Today, we approached the carpark and I could see 3 boys playing- two of them were maybe around 6 years old, and there was an older boy on a bike who was maybe around 8. Straight away I knew what to expect… my daughter is so friendly to anyone she’s while walking and will say hello to everyone. She happily started waving and saying hello to the boys in the car park, but they didn’t say hello back; instead they began barking and shouting at her saying “she’s not a human she’s a dog!” (Which made my blood boil) of course my daughter being 2 years old doesn’t understand when little brats are being nasty, so she carried on smiling and laughing as I tried to make her walk a bit quicker. The smiles stopped though when these horrible boys kicked their ball at her which hit her back and made her cry. I shouted at the boys “she’s two years old leave her alone!” And carried on walking with my daughter who didn’t want to be picked up but was still crying, and even though she was crying, she still waved and said bye to these boys! I told her to “ignore the nasty boys” and to keep walking to go home. 

It honestly made me so angry and upset, that at the age of 2 my daughter is being bullied by these nasty little shits (I have no idea where they live so can’t even have a word with their parents). I have never been so glad to get my daughter indoors. She wasn’t hurt by the ball hitting her, I think it was more the shock of it that made her cry. I got her safe indoors, locked the front door, took off her coat,reins and shoes and gave her the magazine she had chosen along with a kinder egg and her bottle of juice then I put her favourite movie Trolls on for her. I sat an cried because it had upset me so much that these boys had been nasty to my little girl. She isn’t old enough to understand what bullies are, but I am and I don’t like them one bit. She’s 2 years old for fuck sake. How can anyone bully any one else let alone a toddler who doesn’t understand?  

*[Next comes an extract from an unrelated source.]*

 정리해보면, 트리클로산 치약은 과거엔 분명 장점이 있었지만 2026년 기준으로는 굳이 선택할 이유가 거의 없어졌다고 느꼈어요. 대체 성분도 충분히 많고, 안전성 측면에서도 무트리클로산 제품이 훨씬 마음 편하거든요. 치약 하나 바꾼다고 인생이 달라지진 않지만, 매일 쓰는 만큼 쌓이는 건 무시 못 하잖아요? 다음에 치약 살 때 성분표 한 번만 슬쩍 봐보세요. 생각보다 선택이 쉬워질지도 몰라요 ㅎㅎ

This has made me dread signing her up for school even more than I already was. I have to apply for her school placement in November I think for her to start in September 2017 and I’m seriously not looking forward to it at all. Not only because obviously I’d love to keep her with me all the time, but because of nasty children like the boys in the carpark today. I am not choosing home school straight away, as I want to give her the opportunity to try school, but, if she gets bullied and dreads going to school then I will remove her and homeschool her. I will not let her be unhappy during her educational years like I was when I was bullied through school. I know first hand what it feels like to fake feeling ill so you didn’t have to face the bullies or be sat alone at break time, and I refuse to let my daughter go through that. She’ll be taught to stick up for herself, which is something I wish I had the confidence to do at school, and that she can tell me if someone is bullying her. I do not tolerate bullying of any kind, I’m extremely protective and if anyone bullies my daughter I will not let them get away with it or let her be unhappy and even scared to go to school. 

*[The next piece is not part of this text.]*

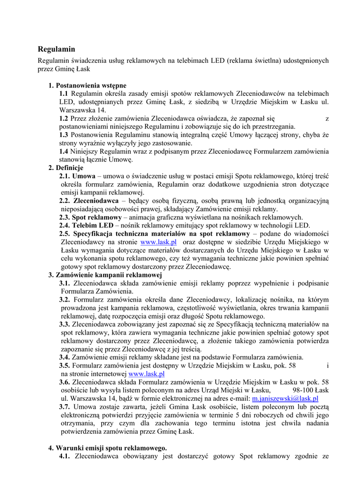 Regulamin Regulamin świadczenia usług reklamowych na telebimach LED (reklama świetlna) udostępnionych przez Gminę Łask 1. Postanowienia wstępne 1.1 Regulamin określa zasady emisji spotów reklamowych Zleceniodawców na telebimach LED, udostępnianych przez Gminę Łask, z siedzibą w Urzędzie Miejskim w Łasku ul. Warszawska 14. 1.2 Przez złożenie zamówienia Zleceniodawca oświadcza, że zapoznał się z postanowieniami niniejszego Regulaminu i zobowiązuje się do ich przestrzegania. 1.3 Postanowienia Regulaminu stanowią integralną część Umowy łączącej strony, chyba że strony wyraźnie wyłączyły jego zastosowanie. 1.4 Niniejszy Regulamin wraz z podpisanym przez Zleceniodawcę Formularzem zamówienia stanowią łącznie Umowę. 2. Definicje 2.1. Umowa – umowa o świadczenie usług w postaci emisji Spotu reklamowego, której treść określa formularz zamówienia, Regulamin oraz dodatkowe uzgodnienia stron dotyczące emisji kampanii reklamowej. 2.2. Zleceniodawca – będący osobą fizyczną, osobą prawną lub jednostką organizacyjną nieposiadającą osobowości prawej, składający Zamówienie emisji reklamy. 2.3. Spot reklamowy – animacja graficzna wyświetlana na nośnikach reklamowych. 2.4. Telebim LED – nośnik reklamowy emitujący spot reklamowy w technologii LED. 2.5. Specyfikacja techniczna materiałów na spot reklamowy – podane do wiadomości Zleceniodawcy na stronie www.lask.pl oraz dostępne w siedzibie Urzędu Miejskiego w Łasku wymagania dotyczące materiałów dostarczanych do Urzędu Miejskiego w Łasku w celu wykonania spotu reklamowego, czy też wymagania techniczne jakie powinien spełniać gotowy spot reklamowy dostarczony przez Zleceniodawcę. 3. Zamówienie kampanii reklamowej 3.1. Zleceniodawca składa zamówienie emisji reklamy poprzez wypełnienie i podpisanie Formularza Zamówienia. 3.2. Formularz zamówienia określa dane Zleceniodawcy, lokalizację nośnika, na którym prowadzona jest kampania reklamowa, częstotliwość wyświetlania, okres trwania kampanii reklamowej, datę rozpoczęcia emisji oraz długość Spotu reklamowego. 3.3. Zleceniodawca zobowiązany jest zapoznać się ze Specyfikacją techniczną materiałów na spot reklamowy, która zawiera wymagania techniczne jakie powinien spełniać gotowy spot reklamowy dostarczony przez Zleceniodawcę, a złożenie takiego zamówienia potwierdza zapoznanie się przez Zleceniodawcę z jej treścią. 3.4. Zamówienie emisji reklamy składane jest na podstawie Formularza zamówienia. 3.5. Formularz zamówienia jest dostępny w Urzędzie Miejskim w Łasku, pok. 58 i na stronie internetowej www.lask.pl 3.6. Zleceniodawca składa Formularz zamówienia w Urzędzie Miejskim w Łasku w pok. 58 osobiście lub wysyła listem poleconym na adres Urząd Miejski w Łasku, 98-100 Łask ul. Warszawska 14, bądź w formie elektronicznej na adres e-mail: [email protected] 3.7. Umowa zostaje zawarta, jeżeli Gmina Łask osobiście, listem poleconym lub pocztą elektroniczną potwierdzi przyjęcie zamówienia w terminie 5 dni roboczych od chwili jego otrzymania, przy czym dla zachowania tego terminu istotna jest chwila nadania potwierdzenia zamówienia przez Gminę Łask. 4. Warunki emisji spotu reklamowego. 4.1. Zleceniodawca obowiązany jest dostarczyć gotowy Spot reklamowy zgodnie ze Specyfikacją techniczną materiałów na spot reklamowy, nie później niż 5 dni roboczych przed pierwszą emisją. 4.2. Gmina Łask potwierdzi Zleceniodawcy odbiór Spotu oraz oceni jego zgodność ze Specyfikacją techniczną materiałów na spot reklamowy, która zawiera wymagania techniczne jakie powinien spełniać gotowy spot reklamowy dostarczony przez Zleceniodawcę. W przypadku niezgodności dostarczonego Spotu ze Specyfikacją techniczną Zleceniodawca zostanie powiadomiony o tym fakcie w terminie 3 dni roboczych od otrzymania Spotu reklamowego. 4.3. Gmina Łask zastrzega sobie prawo do odmowy lub wstrzymania emisji reklamy Zleceniodawcy w sytuacji, gdy Spot reklamowy jest złej jakości, która uniemożliwia jego emisję. 4.4. Za opóźnienie lub zwłokę w emisji reklamy lub brak emisji reklamy spowodowane niedostarczeniem Spotu reklamowego lub dostarczeniem Spotu reklamowego niezgodnego ze Specyfikacją techniczną materiałów na spot reklamowy, dostarczony przez Zleceniodawcę, Gmina Łask nie ponosi odpowiedzialności i może żądać zapłaty wynagrodzenia określonego w Umowie. 5. Zmiany Spotu Reklamowego. 5.1. Zleceniodawca upoważnia Gminę Łask do dokonywania opracowań, zmian, przeróbek lub adaptacji Spotu reklamowego (zwanych łącznie zmianami Spotu reklamowego) w zakresie niezbędnym dla prawidłowej emisji reklamy. Gmina Łask nie ma jednak obowiązku dokonywania zmian Spotu reklamowego. 5.2. Gmina Łask może zawiadomić Zleceniodawcę o potrzebie wprowadzenia zmian do Spotu reklamowego. Zleceniodawca w ciągu 3 dni roboczych od dnia otrzymania projektu zmian zobowiązany jest je zaakceptować lub zaproponować inne zmiany. 6. Treść Spotu Reklamowego. 6.1. Zleceniodawca oświadcza, że przysługują mu wszelkie prawa, w tym prawa autorskie, do Spotów reklamowych i ich treści. 6.2. Gmina Łask nie ponosi odpowiedzialności związanej z emisją reklamy z tytułu naruszenia praw osób trzecich. 6.3. Zleceniodawca zwróci Gminie Łask na pierwsze żądanie w terminie 7 dni wszelkie wydatki i koszty, jakie Gmina Łask poniosła w związku z obroną przed powyższymi roszczeniami lub ich realizacją, w tym w szczególności koszty doradztwa prawnego, koszty zastępstwa procesowego, koszty sądowe oraz zasądzone lub ustalone w ugodzie odszkodowania, zadośćuczynienia lub inne świadczenia na rzecz osób trzecich. 6.4. Spoty reklamowe nie mogą być sprzeczne z prawem ani zasadami współżycia społecznego. 6.5. Spoty reklamowe nie mogą zawierać treści o charakterze wyborczym. 6.6. Spoty reklamowe nie mogą prezentować reklam dyskontów spożywczych z wyłączeniem sieci Kau

My daughter is currently curled up next to me in bed, and has just dozed off to sleep, totally unaware of the fact she was bullied today, and that her mummy is totally heartbroken by it. I’m glad that she doesn’t understand yet, as it would be even more heartbreaking if she was upset by it, but I know if we walk past them again she will still be full of smiles and happily say hello to them whilst being totally oblivious to the fact they’re nasty, vile little boys who are taking the piss out of a two year old. If I see these children out with their parents, I will be having words with them. Unfortunately without knowing who their parents are or what house they come from there isn’t really anything I can do at the moment. One thing for sure, is they’ve put me off wanting to take my daughter out for a walk at the weekends now (apart from evenings during the week, weekends are the only tine the car park is empty and the kids play in it) because I don’t want a repeat of what happened today, or for her to get hurt. If they’d of kicked that ball at her head she could of really hurt herself, fallen over face first onto concrete, or if they’d kicked it harder they could of winded her today. I can’t explain how angry and upset I am that these kids think it’s ok to pick on a 2 year old, even while I’m there too because obviously I don’t let her play in the street. 

I wasn’t going to write about this but I needed to let out a bit of the anger and hurt it’s caused. Atleast next weekend when we go out to the Easter Egg Hunt we’ll have my mum and step-dad with us too, who don’t stand for any shit like that. 

Kids can be so cruel. I honestly think schools etc need more talks on bullying, as it can ruin lives and have devastating effects too.